The best course of action if you find yourself faced with antifreeze is to call 911 immediately. Police and fire crews will need access to all areas of your vehicle to check for others who might need help and to make sure that no one was hurt in the crash. They will also take care of any animals in the area that might have been exposed to the substance.
When distilled water is combined with 50% antifreeze, the volume of distilled water is practically decreased in half. It will not degrade metals in a cooling system by combining with glycol. As a result, it is safe to utilize distilled water in a 50/50 mixture. Distilled water can also be used in completely frozen systems. However, if any ice has formed, then the water has absorbed impurities that would otherwise cause problems for plumbing components.

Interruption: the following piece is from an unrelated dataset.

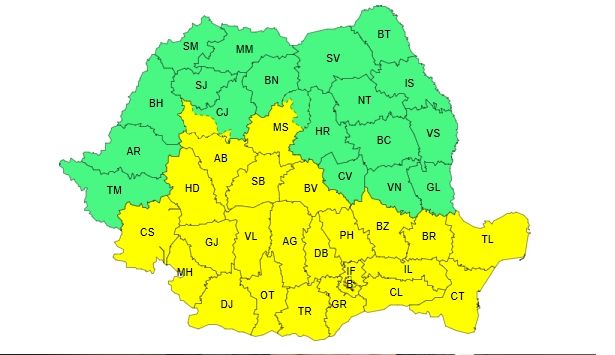 ”În Oltenia, Muntenia, Dobrogea, cea mai mare parte a Transilvaniei şi sudul Banatului vor fi perioade cu instabilitate atmosferică accentuată. Aceasta se va manifesta prin averse torenţiale, frecvente descărcări electrice, intensificări ale vântului (viteze de 50...70 km/h), vijelii şi căderi de grindină. În intervale scurte de timp sau prin acumulare cantităţile de apă vor fi de 20...30 l/mp şi izolat de peste 50 l/mp”, a transmis ANM.

The use of distilled water is recommended by most cooling system manufacturers because it reduces the risk of corrosion within the metal parts of your vehicle's engine. Corrosion is the term used to describe the destructive effect that water has on metals. Allowed to continue, it can lead to the weakening of structural members and other hazards such as leaking fluids or damaged hoses.
Ideally, you should not mix water into your antifreeze. Use diluted antifreeze to top it off if necessary. Distilled water is OK, but regular tap water or bottled water should only be used in a pinch, and if you use that stuff, you should clean your radiator before it wears out. Mixing fluids will cause both fluids to lose value over time.
If you do decide to mix the fluids, don't add more than 5% water to antifreeze. If you put too much water in, it'll just make the mixture less efficient at removing heat. Also, avoid mixing different brands of antifreeze because they have different densities and may settle during storage.
Generally, radiators work best when they're half full of fluid. Adding more than this doesn't increase cooling performance but it does increase the risk of flooding. Flooding can cause damage to both the radiator and the engine, so take care not to pour too much fluid into it.
Mixing water with oil won't affect the water-based part of the formula, but it does mean you need to change the filter regularly. For example, if you mix 20% water with 80% motor oil, then drain and replace the oil every 3,000 miles. This is because the water will break down the metal particles in the oil, causing it to cloud up and need replacing sooner.